The perspective from inside the mind of a Narcissist/Psychopath

Moderators: WindSong, samvaknin

To Age with Grace - The Narcissist as an Old Person

Postby samvaknin » Tue Jun 19, 2007 1:46 pm

By Sam Vaknin
Author of "Malignant Self Love - Narcissism Revisited"


"Ships at a distance have every man's wish on board. For some they come in with the tide. For others they sail forever on the horizon, never out of sight, never landing until the Watcher turns his eyes away in resignation, his dreams mocked to death by Time."

Zora Neale Hurston, Their Eyes Were Watching God (1937)

"Do not go gentle into that good night, / Old age should burn and rave at close of day; / Rage, rage against the dying of the light."

Dylan Thomas, Do Not Go Gentle into that Good Night

"The permanent temptation of life is to confuse dreams with reality. Then permanent defeat of life comes when dreams are surrendered to reality."

James Michener, Author

The narcissist ages without mercy and without grace. His withered body and his overwrought mind betray him all at once. He stares with incredulity and rage at cruel mirrors. He refuses to accept his growing fallibility. He rebels against his decrepitude and mediocrity. Accustomed to being awe-inspiring and the recipient of adulation - the narcissist cannot countenance his social isolation and the pathetic figure that he cuts.

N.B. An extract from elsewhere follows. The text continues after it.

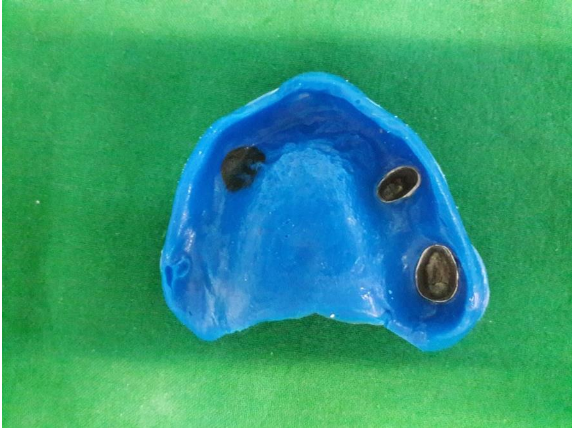
Slika 9. Funkcijski otisak za gornju djelomičnu protezu s kunicama unutar otiska.

Funkcijski rubovi na otisku donje čeljusti napravljeni su također pomoću termoplastičnog materijala (Kerr Impression compound material, Kerr, Bioggio, Švicarska), a završno je otisak napravljen kondenzacijskim silikonom rijetke konzistencije (Xantopren L, Heraeus Kulzer, Hanau, Njemačka). Otisak je uziman kombinacijom pasivnih (masiranje obraza i usana) i aktivnih (gutanje sline, postavljanje jezika na vrh gornje usnice, oblizivanje gornje usnice od kuta do kuta usana) kretnji.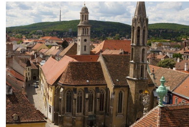
Sopron/Ödenburg: Vorne Geißkirche; (dahinter links) Turm der Evangelischen Kirche

Sopron/Ödenburg: Stadtrundgang mit Führung(en) Evang. Kirche (1782/83), drittgrößte evang. Kirche in Ungarn (Eine evang. Gemeinde ist seit 1565 nachweisbar); Kathol. „Geißkirche“ (1280 Klosterkirche), zeitweise auch politisches Zentrum Ungarns. Beim Stadtrundgang besichtigen wir weiters den Hof des für evangelische Gottesdienste genutzten Eggenberg-Hauses.

The narcissist suffers from mental progeria. Subject to childhood abuse, he ages prematurely and finds himself in a time warp, constantly in the throes of a midlife crisis.

As a child prodigy, a sex symbol, a stud, a public intellectual, an actor, an idol - the narcissist was at the centre of attention, the eye of his personal twister, a black hole which sucked people's energy and resources dry and spat out with indifference their mutilated carcasses. No longer. With old age comes disillusionment. Old charms wear thin.

Having been exposed for what he is - a deceitful, treacherous, malignant egotist - the narcissist's old tricks now fail him. People are on their guard, their gullibility reduced. The narcissist - being the rigid, precariously balanced structure that he is - can't change. He reverts to old forms, re-adopts hoary habits, succumbs to erstwhile temptations. He is made a mockery by his accentuated denial of reality, by his obdurate refusal to grow up, an eternal, malformed child in the sagging body of a decaying man.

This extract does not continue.